Recorded information:

──────

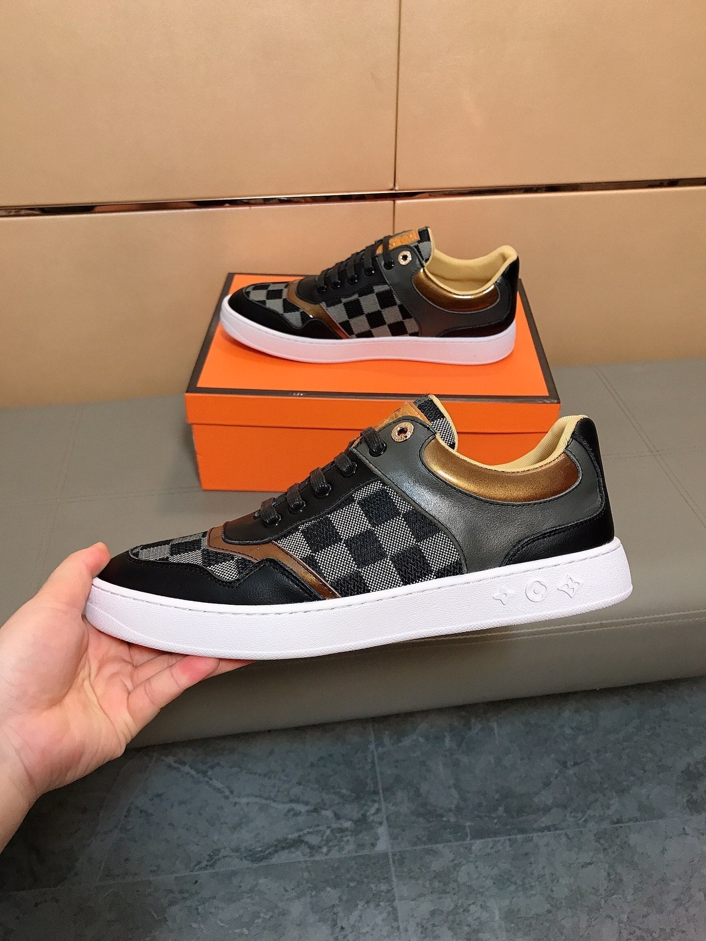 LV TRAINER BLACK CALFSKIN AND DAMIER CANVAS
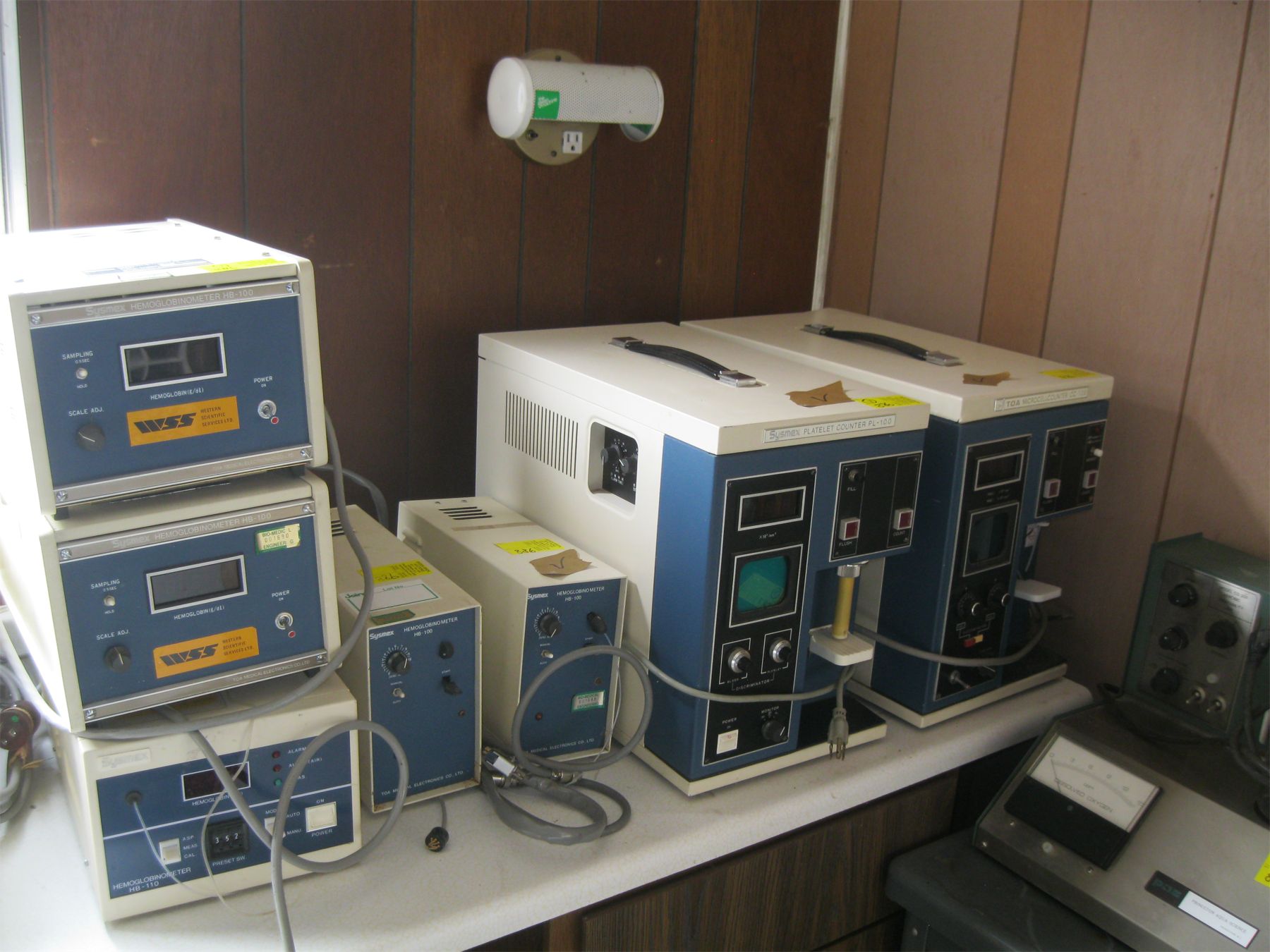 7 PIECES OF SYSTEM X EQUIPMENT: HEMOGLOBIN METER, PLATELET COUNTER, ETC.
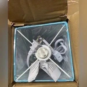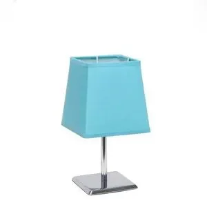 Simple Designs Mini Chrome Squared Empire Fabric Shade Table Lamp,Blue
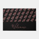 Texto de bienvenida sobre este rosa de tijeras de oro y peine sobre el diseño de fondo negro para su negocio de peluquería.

──────

Exercise prompt: What is needed is every line of the data above, set down exactly but with the images left out.

Answer for the task:
 LV TRAINER BLACK CALFSKIN AND DAMIER CANVAS
 7 PIECES OF SYSTEM X EQUIPMENT: HEMOGLOBIN METER, PLATELET COUNTER, ETC.
 Simple Designs Mini Chrome Squared Empire Fabric Shade Table Lamp,Blue
 Texto de bienvenida sobre este rosa de tijeras de oro y peine sobre el diseño de fondo negro para su negocio de peluquería.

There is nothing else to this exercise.